Figure 6.36: (Left) From Siersbæk et al. (2014).
(Right) From https://www.archrproject.com/bookdown/footprinting-with-archr.html.

A conceptual way to understand our goal.
What we are hoping to do is to, essentially, learn the relations peaks and genes across all the peaks and genes. By doing this, we can piece together a graph, which becomes our GRN. See Figure 6.37.

Figure 6.37: From D. Kim et al. (2023).

If you are interested in GRNs (which is popular topic for more statistical/computation-leaning students), be aware that there are almost an endless list of GRN methods, see Figure 6.38. As we will discuss in Section 6.10, it is a nontrivial research question to even know “which method works the best.”

Figure 6.38: From Loers and Vermeirssen (2024). This is the list for methods at the time of the authors’ writing for multi-omic GRNs. If you include the methods that were designed for solely scRNA-seq, the list becomes unbelievably long.

6.8.2 GRNs between genes and TFs

Transcription factors serve as key regulators in GRNs by binding to DNA motifs and either activating or repressing gene expression. The strength and specificity of TF-gene interactions are influenced by chromatin accessibility, cooperative binding with other TFs, and post-translational modifications. The advantage of using GRNs that only model TFs and their target genes (which could involve other TFs) is that the graph is much more manageable to think about. Here, the peaks (measuring regions of chromatin accessibility) allow you to determine: 1) how a TF might bind a peak, and 2) how that peak might influence a gene. All the peaks nearby a gene get “merged” in the modeling as one element altogether.

A typical choice: Pando.
Pando Fleck et al. (2023) infers GRNs by modeling the relationship between gene expression, transcription factor (TF) activity, and chromatin accessibility using a regression-based framework. See Figure 6.39.

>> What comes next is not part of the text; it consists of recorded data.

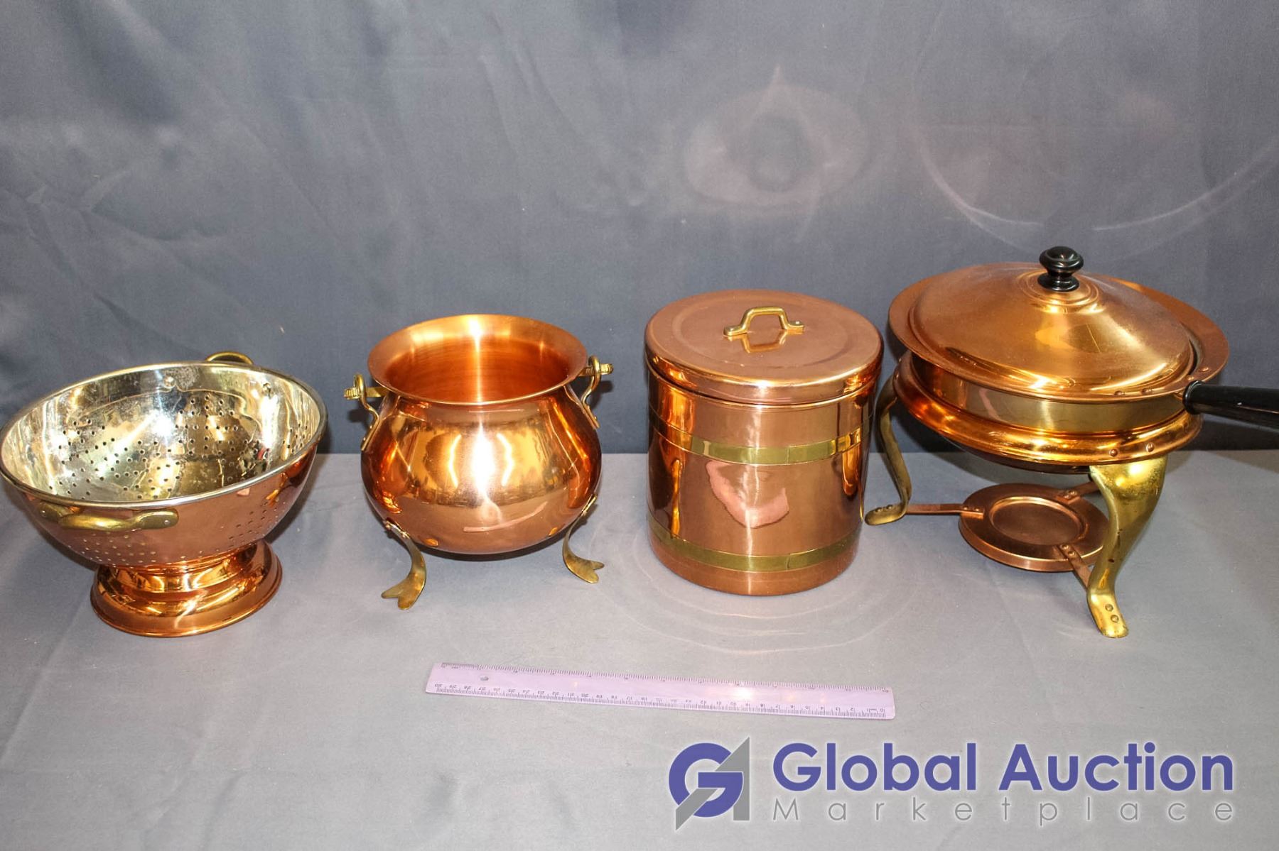 Lot of Copper Kitchenware (Canister, Fondue Pot, Colander, etc)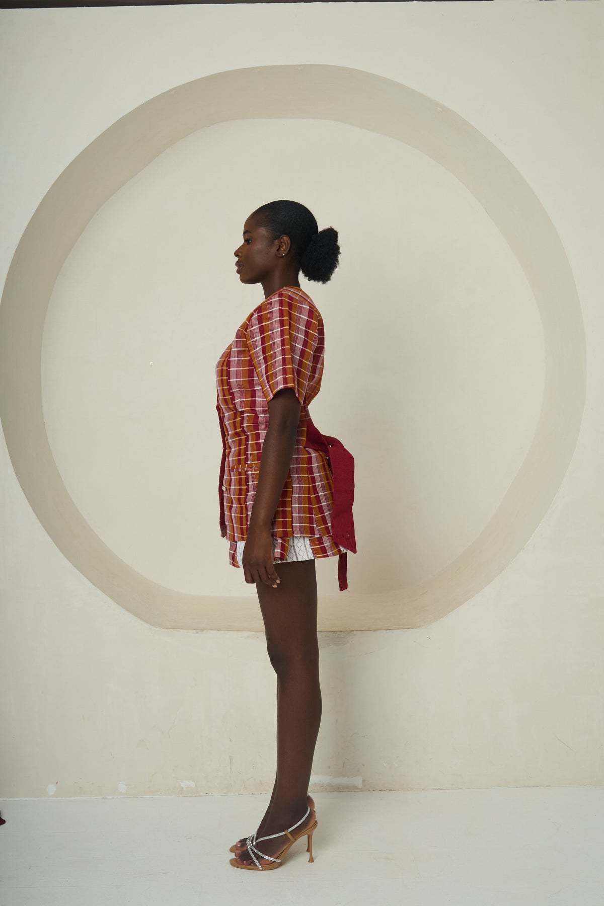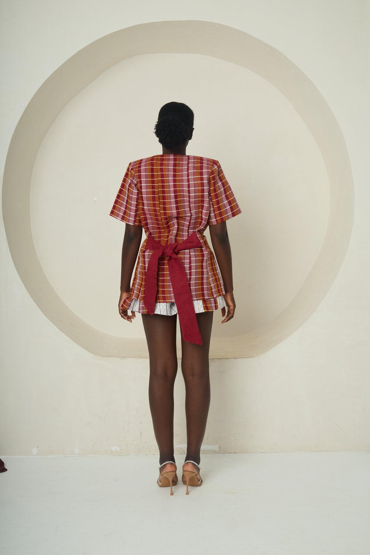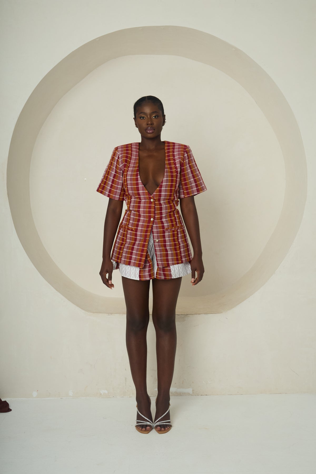 Eyi is a spirited, contemporary interpretation of Idoma heritage. The tailored V-neck jacket with short, structured sleeves cinches at the waist before flaring subtly at the hips, creating a flattering hourglass shape. Paired with matching high-waisted shorts, this set delivers both sophistication and playful charm. The vibrant red-and-white woven check fabric draws directly from traditional Idoma patterns, while the modern cut makes it perfect for stylish cultural events, performances, or confident street-style moments.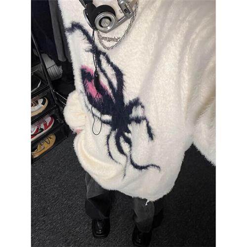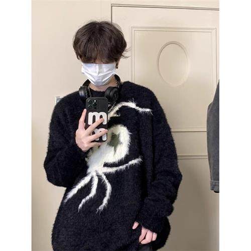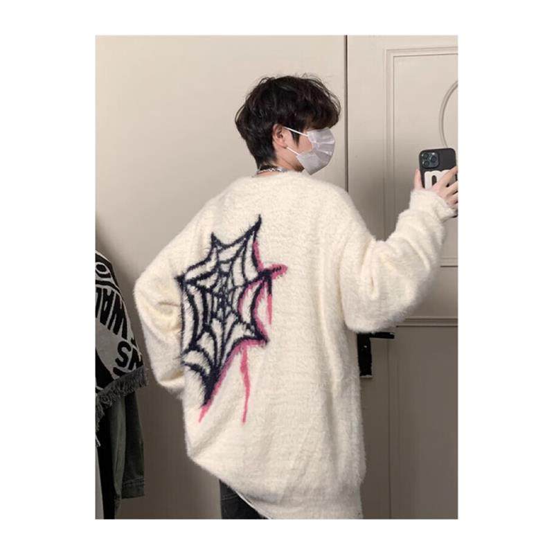 Black Box White Sweater Men's Autumn Winter New Stitch Sweatshirt Loose Casual Spider jacquard Lazy Wind Superior sleeve-Taobao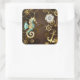 Brown wooden background with sea, mechanical ridge, an antique steering wheel, golden anchor and various gold and brass gears. Steampunk style.

Figure 6.39: From Fleck et al. (2023)

Input/Output. The inputs to Pando are: 1) a paired multiome dataset for \(n\) cells, containing both RNA and ATAC features, and 2) a database of TFs and their motifs.
The primary output is a directed and weighted graph among genes (of which some genes are transcription factors).

The inference procedure follows these steps:6

  1. Candidate Regulatory Regions:
    Pando identifies candidate regulatory regions by linking chromatin peaks to nearby genes using either the Signac or GREAT McLean et al. (2010) method. It considers a defined upstream and downstream distance relative to the gene’s transcription start site (TSS) or gene body. This gives a potential set of peaks for each gene.

  2. TF-Peak Associations:
    It selects peaks that overlap TF binding motifs and computes correlations between peak accessibility and target gene expression. A threshold is applied to filter TF-gene and peak-gene pairs based on correlation strength. This filters down the list of possible peaks that might facilitate an interaction between a TF and its regulated gene.

  3. Regression Model:
    Pando fits a regression model for each target gene \(g_i\), estimating the relationship between gene expression and TF activity at its regulatory regions. The general model is: \[ g_i \approx \sum_{j} \beta_j (TF_j \circ P_j) \tag{6.1}\] where \(TF_j\) is the expression of transcription factor \(j\) (i.e., this is another gene’s expression, but this particular gene is deemed a transcription factor based on a database), \(P_j\) is the accessibility of the associated peaks, \(\circ\) represents an interaction term (which can be additive, multiplicative, or both), and \(\beta_j\) denotes the inferred regulatory coefficient. By default, Pando fits a linear regression (i.e., generalized linear model for the Gaussian family), where the all the involved data (i.e., gene expression, transcription factor, etc.) has been already log-normalized.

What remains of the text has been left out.